The important product rule is simple: Guildhall may learn, but learned behavior stays inspectable and reversible.
Bounded recovery
Recovery is not open-ended wandering. Each recovery path has a name, construction mode, path bounds, allowed tools, success signals, and stop signals.
Examples include:
- rereading a focused file before editing again
- rerunning the authoritative command that failed
- repairing a touched-file verification failure
- refreshing a stale edit target after an
oldStringmiss - proposing a change order when evidence shows the blueprint is wrong
- stopping with a concrete human question when the setup issue is outside the task
Thread and blocker summaries should explain the human reason, not raw internal schema names. The audit trail keeps the typed classification and playbook record for future inspection.
Memory layers
Guildhall separates lessons by scope:
| Layer | Used for | Where to inspect |
|---|---|---|
| This project | Repo-specific commands, paths, facts, and workflow habits. | Settings -> Learning -> This project |
| Across projects | Repeated user preferences that can apply beyond one repo. | Settings -> Learning -> Across projects |
| Project playbooks | Repeatable project-local procedures that can enter worker context when a matching task appears. | Settings -> Learning -> Project playbooks |
| Ideas for Guildhall | Product improvements for Guildhall itself. They do not change runtime behavior. | Settings -> Learning -> Ideas for Guildhall |
Project facts do not silently become global preferences. Product ideas do not silently change how Guildhall runs. If a behavior would increase autonomy or apply more broadly, it needs explicit approval.
Memory and habits
Open Settings -> Learning inside a project to review what Guildhall wants to reuse.
Common actions:
- Use this activates a project memory.
- Use everywhere activates a repeated preference across projects.

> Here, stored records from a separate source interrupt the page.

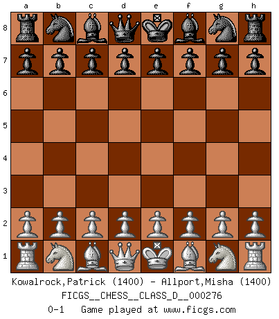 Last move : 0-1 2021 May 17 17:45:14 [Event "FICGS__CHESS__CLASS_D__000276"] [Site "FICGS"] [Date "2021.04.07"] [Round "1"] [White "Kowalrock,Patrick"] [Black "Allport,Misha"] [Result "0-1"] [WhiteElo "1400"] [BlackElo "1400"] 0-1 This chess game has been lost on time (started : 2021.04.07 7:52:33) Player Black won this chess game. Follow this game move after move (download)Chess opens and enriches your mind. (Saudin Robovic) Fischer: 'Remis!?' Uhlmann: 'Aber es muss doch dreimal Zugwiederholung sein!' Fischer: 'Sie nehmen das Remis an, wie ich es sage, sonst spiele ich weiter und werde Sie dann schlagen!' (Robert James Fischer) Uno por uno, yo los acribillé, mi superioridad muy pronto se volvio aparente. (Jose Capablanca) Mais l'homme est une créature légère et illogique : semblable au joueur d'échecs, il n'aime que le processus du but à atteindre, non le but lui-même. (Dostoïevsky) Two beer, or not two beer. (Unknown)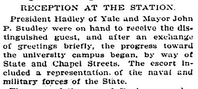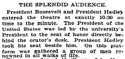 Mark Twain regarding Arthur Twining Hadley, then president of Yale: Now there’s a very remarkable man. I’ll never forget what he said about me, the day I was invited by Yale to come up and be given a degree. The great platform was filled with men to be honored. Our writer group was put somewhat upstage. Quite a few of the boys were there, Howells, Cable and other writers I knew; and as each was called down to receive his degree, President Hadley in a few words gave a most wonderful summing up of the character and achievements of each. As each came back, he’d whisper to me: ‘Sam, what will Hadley say about you and your dark and checkered career?’ They made me so nervous I couldn’t sit still. At last my turn came. Downstage I walked. When an official called the name of Samuel Clemens, the New Haven boys all rose to their feet and made quite a noise. When at last it was over, Hadley declared: ‘After this demonstration, anything I could say would be useless.’ Hooded and honored I came back without knowing what Hadley had meant to say. I was disappointed and so were the boys. But one of them told me, at the end of the ceremonies that day: ‘Sam, every speech that Hadley made was written ahead in a little book, which is in the hands of his secretary, that young woman over there.’ Eagerly I went to her and never have I flattered a female as I did that young woman that day. At last she let me see the book. As I turned the pages, every speech exactly as it had been spoken was there. Faster I turned them with feverish hands! And on the last page I read these lines: ‘Samuel Clemens. After this demonstration anything I could say would be useless.’ – quoted in The Bridge by Ernest Poole, p. 172.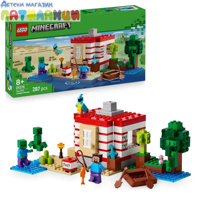 Конструктор LEGO Minecraft TNT къща в джунглата 21275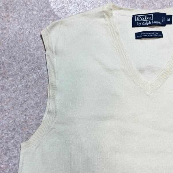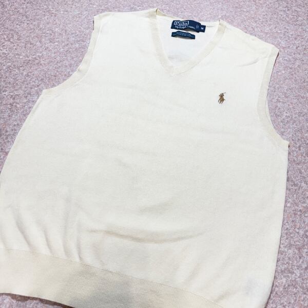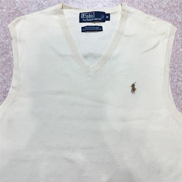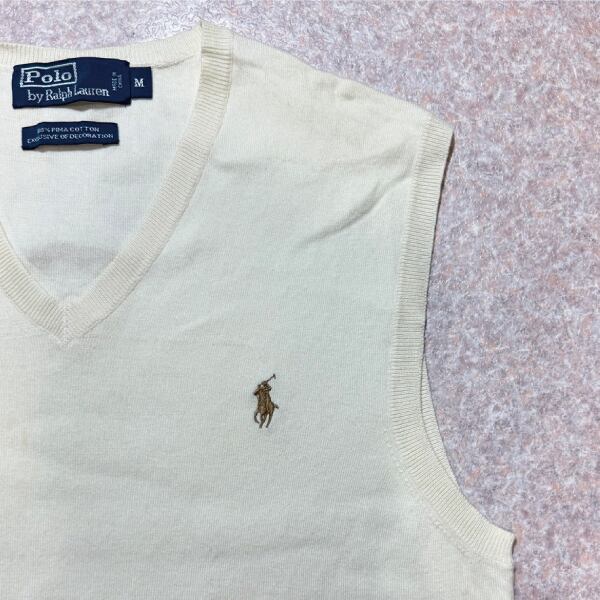 「Polo by Ralph Lauren (ポロラルフローレン)」90s 00s 10s Mサイズ ピマコットン オフホワイト ポニー刺繍 ニット ベスト [2516080]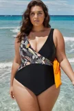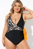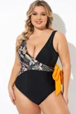 Black Printed Tie Wrap One Piece Swimsuit - PremCurve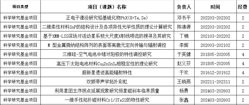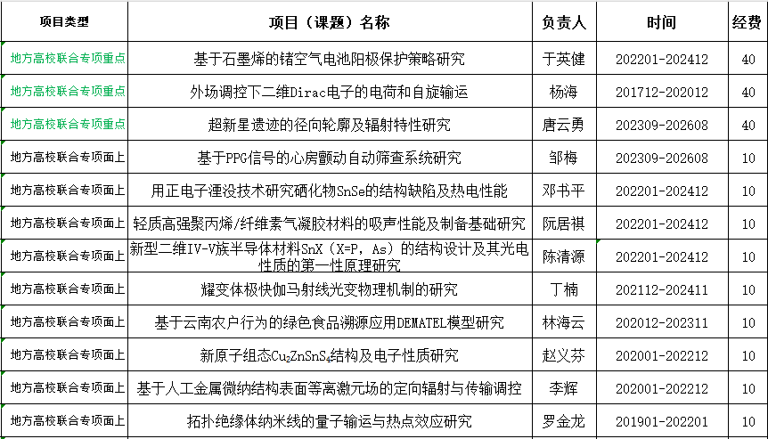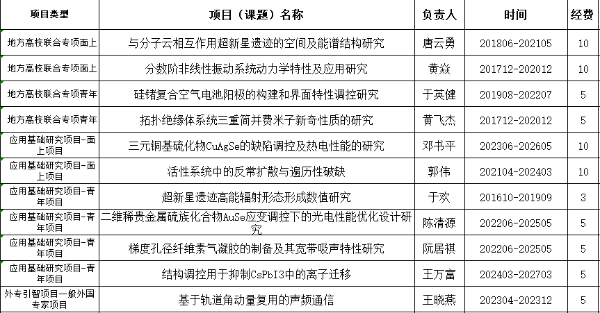 近五年物理科学与技术学院教师的省科技厅基金项目

- Use only here turns a cross-project suggestion into an active project habit and resolves the original global suggestion.

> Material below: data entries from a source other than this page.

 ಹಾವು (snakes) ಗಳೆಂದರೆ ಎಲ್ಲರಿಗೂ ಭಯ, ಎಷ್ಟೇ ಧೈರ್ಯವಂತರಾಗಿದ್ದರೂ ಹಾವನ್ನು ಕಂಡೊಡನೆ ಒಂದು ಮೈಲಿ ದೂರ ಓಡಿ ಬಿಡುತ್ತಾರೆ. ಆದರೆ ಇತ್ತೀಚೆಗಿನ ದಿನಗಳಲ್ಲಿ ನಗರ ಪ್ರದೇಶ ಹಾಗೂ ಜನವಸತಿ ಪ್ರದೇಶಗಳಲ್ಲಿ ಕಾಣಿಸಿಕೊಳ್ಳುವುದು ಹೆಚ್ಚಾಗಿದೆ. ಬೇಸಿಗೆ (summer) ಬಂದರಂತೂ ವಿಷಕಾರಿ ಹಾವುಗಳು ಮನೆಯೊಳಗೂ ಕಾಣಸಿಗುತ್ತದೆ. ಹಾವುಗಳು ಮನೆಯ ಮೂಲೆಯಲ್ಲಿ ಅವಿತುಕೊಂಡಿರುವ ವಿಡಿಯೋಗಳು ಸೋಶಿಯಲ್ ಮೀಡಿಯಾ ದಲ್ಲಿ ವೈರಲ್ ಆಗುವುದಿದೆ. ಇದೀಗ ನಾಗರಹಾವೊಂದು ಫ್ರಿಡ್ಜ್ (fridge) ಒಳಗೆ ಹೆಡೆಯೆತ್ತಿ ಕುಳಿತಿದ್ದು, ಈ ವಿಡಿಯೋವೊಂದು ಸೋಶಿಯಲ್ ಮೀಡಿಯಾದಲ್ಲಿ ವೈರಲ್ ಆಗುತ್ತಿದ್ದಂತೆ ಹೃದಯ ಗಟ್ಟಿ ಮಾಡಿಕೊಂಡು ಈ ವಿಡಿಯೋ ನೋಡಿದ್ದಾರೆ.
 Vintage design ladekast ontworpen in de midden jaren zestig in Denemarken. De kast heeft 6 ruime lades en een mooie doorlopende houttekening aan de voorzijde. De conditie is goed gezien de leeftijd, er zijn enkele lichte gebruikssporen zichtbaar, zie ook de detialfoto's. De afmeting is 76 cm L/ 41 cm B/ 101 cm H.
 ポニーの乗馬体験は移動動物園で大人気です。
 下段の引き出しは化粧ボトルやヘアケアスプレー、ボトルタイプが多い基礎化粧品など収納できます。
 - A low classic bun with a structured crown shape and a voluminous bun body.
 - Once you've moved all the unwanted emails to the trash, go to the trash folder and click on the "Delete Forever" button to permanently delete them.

- Use playbook activates a project-local procedural memory.
- Ignore dismisses a suggestion without deleting the evidence trail.
- Give product feedback opens a prefilled GitHub issue draft for inert product ideas.
The normal task flow does not ask you to approve every lesson. Suggested items stay off until you choose to use them.
Product feedback
Product ideas are for improving Guildhall itself. They include the suggestion, evidence, affected project, and source id, but they remain inert until a human decides to act.
The Give product feedback button opens a draft issue in the Guildhall GitHub repo. Guildhall does not submit the issue automatically.